The assumption of state debts by the Federal government was a major step in the federalization of the United States. The growing assumption of micro and macro debts by the United States government and by international bodies allows for greater macro and micro regulation of economic activities…

…The universalization of debt leads to the universalization of economic authority and eventually planned economies. By indebting everyone from the individual to the government, everyone is forced to maintain a bankrupt and broken system. Debts are obligations. Obligating everyone to the same system forces everyone to comply with the system…

…Financial institutions gain by encouraging consumer irresponsibility. Governments gain by encouraging irresponsible behavior by financial institutions. Global entities gain by encouraging irresponsible behavior by governments. Responsibility is traded for freedom, but individuals, institutions and governments, who give up freedom of action in exchange for being able to pass their responsibilities up the ladder, are participating in a shell game…

…The obligations themselves cannot be escaped; only the direct responsibility for making the difficult decisions can be passed upward along the chain. If the frogs don’t want to make their own decisions then they elect a king who makes all their decisions for them. The assumption of debt elects kings who decide how the debt must be repaid and who is first in line to collect and who is first in line to pay.

Here’s the brilliance:

When failure is institutionalized then the primary task of each failing system is the evasion of responsibility. Institutionalizing failure also universalizes failure so that no one is responsible, but everyone is responsible. … Protecting the sources of failure is a primary goal of those who benefit from institutionalizing and universalizing failure.

Here’s my contribution and observation which piggybacks the cliché of everyone gets a ribbon; the converse to everyone is a winner is universal failure. And for the last twenty years or so we have been conditioned just for this, it just wasn’t advertised as such.

You would think it is a stretch that there’s illegal collusion to undermine the foundations of global finance. But then we have the current LIBOR scandal.

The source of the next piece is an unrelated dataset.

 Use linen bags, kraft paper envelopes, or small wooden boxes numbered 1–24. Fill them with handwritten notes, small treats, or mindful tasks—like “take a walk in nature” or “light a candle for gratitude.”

We are witness. World governments are encapsulating crony-capital finance companies from failure, too big to fail when they should.

Robert Scheer:

Modern international bankers form a class of thieves the likes of which the world has never before seen. Or, indeed, imagined … It reveals that behind the world’s financial edifice lies a reeking cesspool of unprecedented corruption. The modern-day robber barons pillage with a destructive abandon totally unfettered by law or conscience and on a scale that is almost impossible to comprehend.

Daniel Greenfield:

Growing instability is met with tighter regulation leading to the increased power of oligarchies who regulate the system and the diminishing freedom of individuals. Every action taken to create greater security and stability for the oligarchy has the net effect of subtracting from the economic freedom of all smaller actors.

Drawing a parallel, it was recently agreed by EU nation states that the European Central Bank will have greater oversight over the bloc’s banking systems. I surmise the ones who created and sustain the problem were just given more authority over it.

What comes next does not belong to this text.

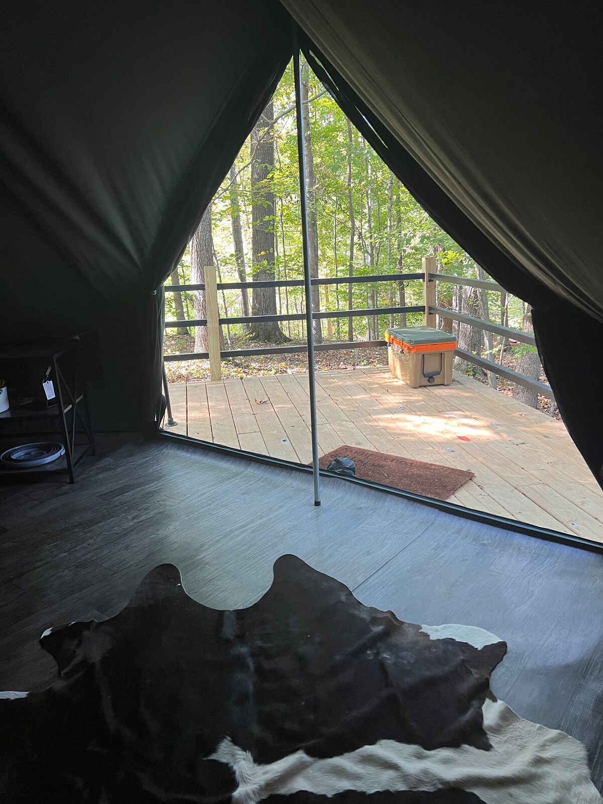 Մեր վրանը ՝ Hazel - ը, 20 ֆուտ է ՝ տախտակամածի հարթակում և գտնվում է անտառում ՝ մեր փոքրիկ, մասնավոր քեմփինգում և տնակում ։ Լրացրեք երկտեղանի մահճակալով և ֆուտոնով, որոնք կրկնապատկվում են որպես երկտեղանի քնելու տարբերակ ։ Այս վրանը կարող է կազմակերպել 5 հոգանոց երեկույթ ։ Ոչ էլեկտրական, բայց տրամադրում է հարմարավետություն և հիմնական պարագաներ ՝ տարվա բոլոր եղանակներին քեմփինգի համար: Ցնցուղարանի և զուգարանների մոտ ։ Հնարավորություն է ընձեռում անջատելու և հանգստանալու Նեշվիլից ընդամենը 25 րոպե հեռավորության վրա ։ Շքեղ քեմփինգն ամենալավն է ։

When failure comes it is never attributed to the ideology or to the entire structure, rather to a failure of comprehensive control. Each attempt at deepening control expands the system that is the cause of the problem and deepens the level of failure in areas affected by the system. The more the ideal is pursued, the more the real declines until the entire system implodes with devastating consequences.

Noted economists John Embry had this to say on Europe.

The problem for the central planners, in the not-too-distant-future, is the can is getting too big to kick down the road. What this means is that the chaos will accelerate.

Daniel Greenfield again:

The distillation of free market economics into the crony capitalist corporation which looks to the government to take care of the messes It makes is tipping the globe closer into the black hole of a planned global economy where universal debt leads to universal power and universal failure.

Interesting that it looks like Obama is going to sign away some of our sovereignty to the UN this summer with those four UN treaties it’s said he’ll be signing. Hopefully he doesn’t and if he does, they die in the Senate. But it goes to support that a planned global union isn’t entirely unsubstantiated.